Physical interface unreachable when VM on specific host
search cancel

Physical interface unreachable when VM on specific host

book

Article ID: 412927

calendar_today

Updated On:

Products

VMware vSphere ESXi

Issue/Introduction

In a vCenter ESXi host cluster, a virtual machine (VM) running on one ESXi host is unable to reach a network interface of a physical machine outside the ESXi host.  However, when that VM is migrated to another ESXi host in the cluster, it is able to reach the interface.

Note:  sometimes people reference an ESXi host that is in a cluster as a "node" of that cluster.

These symptoms may also appear on a non-clustered host.

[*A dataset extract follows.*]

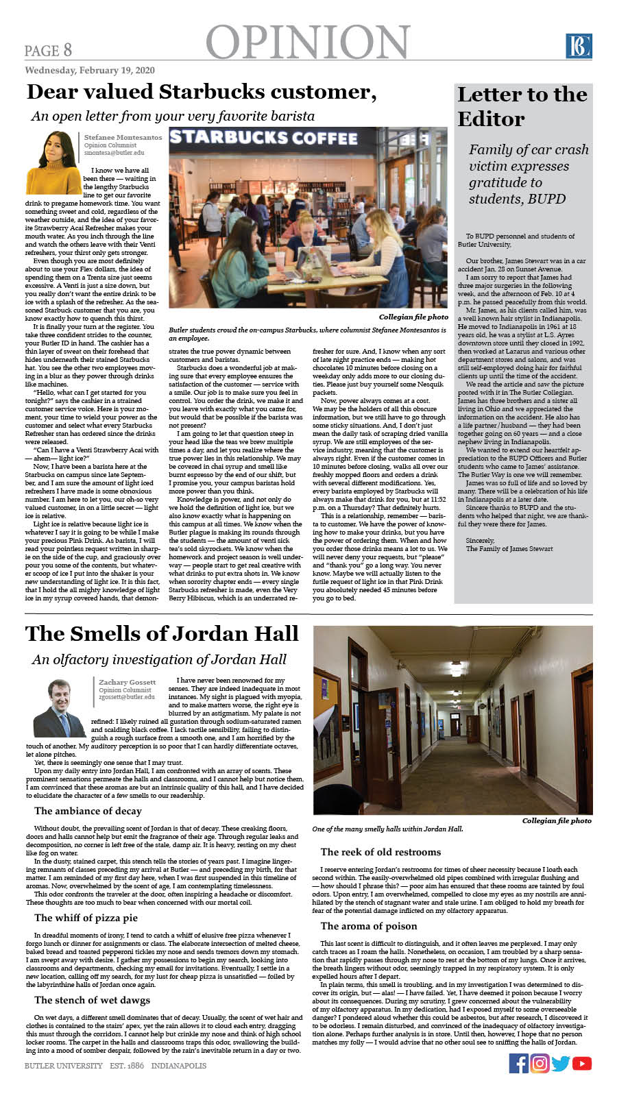 Send us your letters to the email listed below complete with your full name and affiliation with Butler University. Please keep your letter under 500 words. All letters may be edited by The Butler Collegian’s editorial staff for style and grammar. collegian@butler.edu.

You may see alerts on vCenter for the problematic host:

  • vSphere Distributed Switch VLAN trunked status
    Not all the configured VLANs in the vSphere Distributed Switch were trunked by the physical switch connected to uplink port # in vSphere Distributed Switch on host ###.###.### in #######.
  • vSphere Distributed Switch MTU supported status
    Not all VLAN MTU settings on the external physical switch allow the vSphere Distributed Switch maximum MTU size packets to pass on the uplink port # in vSphere Distributed Switch on host ###.###.### in #######.

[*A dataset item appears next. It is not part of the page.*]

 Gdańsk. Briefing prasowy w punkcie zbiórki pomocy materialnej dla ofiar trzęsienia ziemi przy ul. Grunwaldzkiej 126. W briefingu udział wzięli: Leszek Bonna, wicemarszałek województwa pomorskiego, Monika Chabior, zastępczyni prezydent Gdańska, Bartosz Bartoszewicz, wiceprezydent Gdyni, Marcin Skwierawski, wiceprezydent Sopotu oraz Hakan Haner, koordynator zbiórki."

You find that the VM in question cannot ping out from the problematic host.

Environment

VMware vSphere ESXi

Resolution

If packets supplied to the stack by the guest VM at capture point VnicTx are delivered completely and in a timely way (microseconds) to the physical infrastructure as seen at capture point UplinkSndKernel, and if packets received by the stack from the physical infrastructure as seen at capture point UplinkRcvKernel are delivered completely and in a timely way (microseconds) to the guest VM at capture point VnicRx, then the root cause of the symptom is not in the ESXi networking stack. 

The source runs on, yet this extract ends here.